Hong Kong Stock Exchange consults on amendments to the Corporate Governance Code and related rules
13 min read
Overview
The Hong Kong Stock Exchange (the Exchange) has issued a consultation paper with wide-ranging proposals to amend the Corporate Governance Code (CG Code) and related Listing Rules with the aim of promoting strong corporate governance practices amongst Hong Kong listed issuers. Of particular note is the proposal to phase out long-serving independent non-executive directors (INEDs) (i.e., those who have served nine years or more) which, if implemented, will affect numerous issuers, as around 31% of issuers as at 31 December 2023 had long-serving INEDs on their boards.

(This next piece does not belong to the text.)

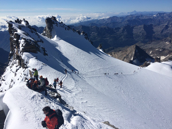 Der Aufstieg zum Gran Paradiso beginnt früh morgens ab dem Rifugio Vittorio Emanuele II 2732 m. Über gut markierte Wege und Firnfelder erreichen wir den Gletscher, wo wir angeseilt in gleichmässiger Steigung Richtung Gipfel aufsteigen. Kurz unterhalb des Gipfels wechseln wir in felsiges Gelände und erreichen über einen kurzen, ausgesetzten Grat die markante Madonna-Statue auf 4061 Metern. Der Gipfel belohnt mit einer beeindruckenden Rundsicht auf die höchsten Berge der Alpen. Der Abstieg erfolgt entlang der Aufstiegsroute zurück zur Hütte – eine klassische, abwechslungsreiche Hochtour in grossartiger Hochgebirgslandschaft. (Aufstieg ca. 4 - 5 Stunden und 1330 Höhenmeter, Abstieg zur Hütte ca. 3 - 4 Stunden und weiter ins Tal.)

Key proposals that would apply on a mandatory basis include: (i) prohibiting an INED from holding more than six Hong Kong-listed directorships concurrently; (ii) capping an INED’s tenure at nine years, but allowing the clock to reset after a two-year cooling off period; (iii) requiring a diversity policy for the workforce (including senior management); (iv) mandating disclosure of the annual review of the effectiveness of risk management / internal control systems; (v) enhanced requirements on directors’ training, including a minimum of 24 hours of training within 18 months of appointment for first-time directors; and (vi) enhanced disclosures on dividend policy and dividend decisions.
Certain of the proposed amendments would apply on a “comply-or-explain” basis[1], including: (i) designating a “lead INED” (as a communication intermediary) for issuers whose board chair is not independent; (ii) ensuring that the nomination committee comprises different genders; and (iii) conducting and disclosing a board performance review at least every two years.
Timing - the amendments are proposed to come into effect from 1 January 2025 and would apply to corporate governance reports for financing years commencing on or after 1 January 2025, except the proposals relating to long-serving and over-boarded INEDs, which will be subject to a three-year transition period ending 31 December 2027.
Key action points - if the proposals are implemented, action points for issuers may include possible adjustments to their board composition and succession plans in light of the proposed requirements on over-boarded and long-serving INEDs[2], as well as re-evaluating policies and processes on diversity, risk management and dividends in light of the enhanced requirements and disclosures on these aspects. Unless a deviation can be explained, issuers (whose chairman is not an INED) should also consider the designation of a “lead INED”, as well as conduct a biennial board performance review.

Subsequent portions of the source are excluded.